ABOUT THIS EXERCISE:
Exactly and only the lines from the line holding "Handmade Brass Sundial" to the end of the records should be reproduced. Leave pictures out.

-- -- --

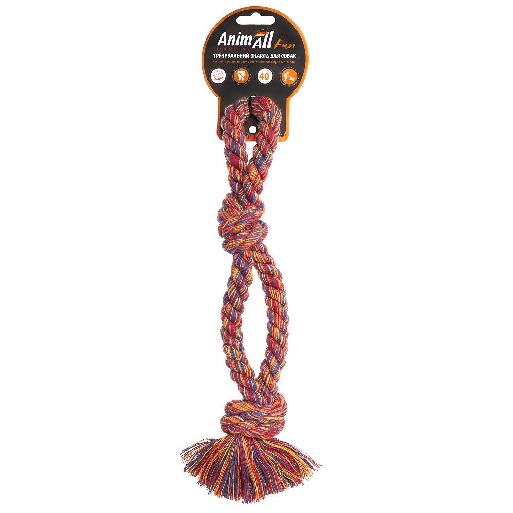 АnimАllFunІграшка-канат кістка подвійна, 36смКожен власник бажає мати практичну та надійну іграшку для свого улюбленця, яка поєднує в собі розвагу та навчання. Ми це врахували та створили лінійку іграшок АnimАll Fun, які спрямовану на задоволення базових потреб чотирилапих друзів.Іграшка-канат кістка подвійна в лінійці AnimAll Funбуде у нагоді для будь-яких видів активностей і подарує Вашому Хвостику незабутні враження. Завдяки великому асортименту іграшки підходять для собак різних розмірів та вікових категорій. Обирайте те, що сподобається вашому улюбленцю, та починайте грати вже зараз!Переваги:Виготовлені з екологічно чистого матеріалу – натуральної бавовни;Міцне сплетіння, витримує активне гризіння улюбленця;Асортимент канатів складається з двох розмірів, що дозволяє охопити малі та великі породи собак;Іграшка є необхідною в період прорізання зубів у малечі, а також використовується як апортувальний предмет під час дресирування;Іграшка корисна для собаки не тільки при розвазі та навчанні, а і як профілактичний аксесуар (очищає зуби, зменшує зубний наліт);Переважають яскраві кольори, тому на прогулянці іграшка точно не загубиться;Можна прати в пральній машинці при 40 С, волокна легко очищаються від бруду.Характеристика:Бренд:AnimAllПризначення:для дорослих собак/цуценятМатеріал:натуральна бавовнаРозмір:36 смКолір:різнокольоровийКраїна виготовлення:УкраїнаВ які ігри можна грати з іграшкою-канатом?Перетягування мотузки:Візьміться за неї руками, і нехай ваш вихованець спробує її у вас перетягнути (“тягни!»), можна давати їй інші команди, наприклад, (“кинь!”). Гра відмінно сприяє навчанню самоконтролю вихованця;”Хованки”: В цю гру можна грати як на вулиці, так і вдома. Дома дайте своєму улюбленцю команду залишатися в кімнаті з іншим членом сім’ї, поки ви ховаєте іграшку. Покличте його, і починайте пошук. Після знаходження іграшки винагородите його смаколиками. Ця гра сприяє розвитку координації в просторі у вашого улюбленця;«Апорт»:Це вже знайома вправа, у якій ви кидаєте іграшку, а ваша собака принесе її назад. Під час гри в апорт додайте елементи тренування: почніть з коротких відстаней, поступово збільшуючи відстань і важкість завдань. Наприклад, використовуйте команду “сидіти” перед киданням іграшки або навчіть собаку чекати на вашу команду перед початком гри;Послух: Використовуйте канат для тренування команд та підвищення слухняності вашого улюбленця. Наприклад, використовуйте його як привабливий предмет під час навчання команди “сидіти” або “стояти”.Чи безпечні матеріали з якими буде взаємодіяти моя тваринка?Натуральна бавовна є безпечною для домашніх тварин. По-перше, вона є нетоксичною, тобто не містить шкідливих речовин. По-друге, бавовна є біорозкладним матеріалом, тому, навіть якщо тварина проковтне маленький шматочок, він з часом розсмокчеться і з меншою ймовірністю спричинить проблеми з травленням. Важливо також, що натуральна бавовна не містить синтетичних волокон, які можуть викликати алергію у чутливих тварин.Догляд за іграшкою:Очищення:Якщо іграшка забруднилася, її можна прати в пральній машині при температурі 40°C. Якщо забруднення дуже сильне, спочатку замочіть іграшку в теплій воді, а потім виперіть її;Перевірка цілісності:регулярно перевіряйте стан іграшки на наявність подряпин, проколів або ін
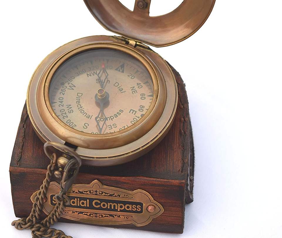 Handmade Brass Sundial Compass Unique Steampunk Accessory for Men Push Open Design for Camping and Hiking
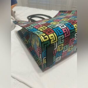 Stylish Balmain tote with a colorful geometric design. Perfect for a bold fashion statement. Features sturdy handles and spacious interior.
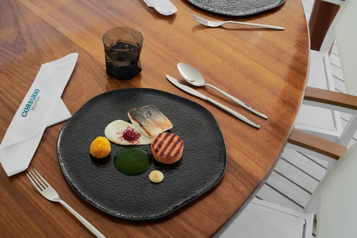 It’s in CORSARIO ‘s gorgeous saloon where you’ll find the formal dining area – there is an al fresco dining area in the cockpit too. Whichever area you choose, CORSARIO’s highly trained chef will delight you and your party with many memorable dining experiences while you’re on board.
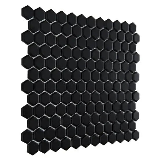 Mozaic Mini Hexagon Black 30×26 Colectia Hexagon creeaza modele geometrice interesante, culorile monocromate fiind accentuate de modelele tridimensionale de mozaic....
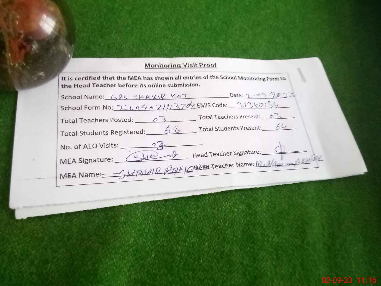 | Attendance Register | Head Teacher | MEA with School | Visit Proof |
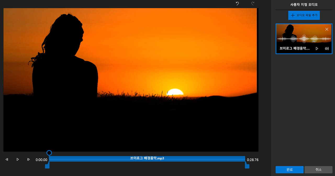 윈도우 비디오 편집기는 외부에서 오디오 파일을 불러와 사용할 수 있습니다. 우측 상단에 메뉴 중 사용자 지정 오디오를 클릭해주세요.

-- -- --

RESULT OF THE TASK:
 Handmade Brass Sundial Compass Unique Steampunk Accessory for Men Push Open Design for Camping and Hiking
 Stylish Balmain tote with a colorful geometric design. Perfect for a bold fashion statement. Features sturdy handles and spacious interior.
 It’s in CORSARIO ‘s gorgeous saloon where you’ll find the formal dining area – there is an al fresco dining area in the cockpit too. Whichever area you choose, CORSARIO’s highly trained chef will delight you and your party with many memorable dining experiences while you’re on board.
 Mozaic Mini Hexagon Black 30×26 Colectia Hexagon creeaza modele geometrice interesante, culorile monocromate fiind accentuate de modelele tridimensionale de mozaic....
 | Attendance Register | Head Teacher | MEA with School | Visit Proof |
 윈도우 비디오 편집기는 외부에서 오디오 파일을 불러와 사용할 수 있습니다. 우측 상단에 메뉴 중 사용자 지정 오디오를 클릭해주세요.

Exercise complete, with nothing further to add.